Knowledgeable and EducationalSelf Develpoment

How do you know, which news should you trust or not? Whom to trust?

We believe that the Sun is much larger than the Earth, that the earth is warming roughly spherical planet that rotates on its axis every 24 hours and it revolves around the Sun once every 365 days. We believe that we were born on a particular date, that we were born to two human parents and each of our human parents on an earlier date. We believe that other human beings have thoughts and feelings like we do and that we are not surrounded by humanoid robots.

We believe all of these things and many more, not on the basis of direct observation, which can’t, by itself, tell us very much about the relative size and motion of the Sun, and the Earth, or about our own family history, or about what goes on in the minds of others. Instead, these beliefs are mostly based on what you’ve been told. Without spoken and written testimonies, human beings could not pass on knowledge from one person to another, let alone from one generation to another.

We would know much, much less about the world around us. So learning about a topic by asking an expert on that topic, or appealing to authority, helps us to gain knowledge, but, it doesn’t always. Even the most highly respected authorities can turn out to be wrong.

Occasionally this happens because a highly respected authority is dishonest and claims to know something that they really don’t know. Sometimes it happens just because they make a mistake. They think they know everything when they don’t know. For example, a number of respected economists expect the financial collapse of 2008. They turned out to be wrong.

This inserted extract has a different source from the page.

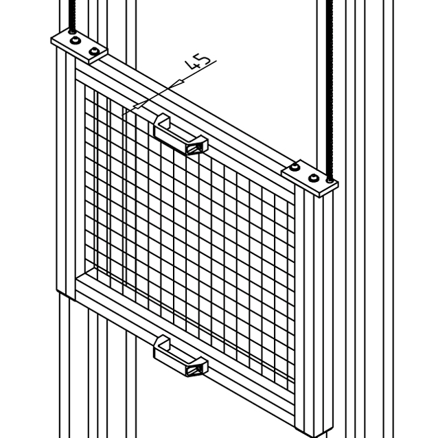 • Dvigalna plošča iz profila 45 x 45 s pomičnim kolesom, nameščenim pred stebri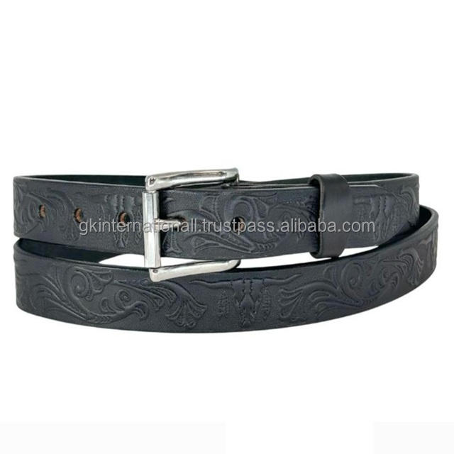 เข็มขัดหนังสไตล์ตะวันตกแบบเต็มเม็ดแข็งทนทานสำหรับบุรุษและสตรีเข็มขัดคาวบอยแบบลูกกลิ้งชุบนิกเกิล

Maybe they were wrong because they were overlooking some important evidence. Maybe they were wrong because they were misinterpreting some of the evidence they had noticed. Maybe they were wrong simply because they were reasoning carelessly from the total body of their evidence. But whatever the reason, they turned out to be wrong an many people who trusted their authority ended up losing lots of money, losing lots of other people’s money, on account of that misplaced trust.

So while appealing to authority can sometimes provide us with valuable knowledge, it also can sometimes be the cause of monumental errors. It’s important to all of us to be able to distinguish those occasions on which we can safely and reasonably trust authority from those occasions on which we can’t.

But how do we do that?

In order to do that, nothing is more useful than an authority’s track record on a particular topic. If someone turns out to perform well in a given situation much of the time, then it’s likely that he or she will continue to perform well in that same situation, at least in the near term. And this generalizations holds true of the testimony of authorities as much as of anything else.

If someone can consistently pick winners in both politics and football, then we should probably trust him or her to keep on picking winners in both politics or football, though maybe not in other things where their track record maybe less stellar. If other forecasters have a poorer track record on those same two topics, then we shouldn’t trust them as much.

So whenever you’re considering whether or trust the testimony of some authority, the first question to ask yourself is, “What’s their track record on this topic?” And notice that you can apply the very same lesson to yourself. Your instincts tell you that you’ve just met the right person, but what sort of yrack record do your instincts have on topics like this one? Have your instincts proven themselves to be worthy of your support? Just as we judge other people’s testimony by their track record, so, too, we can judge our own instincts by their track record.

And this brings us one step closer to an objective view of ourselves and our relation to the world around us.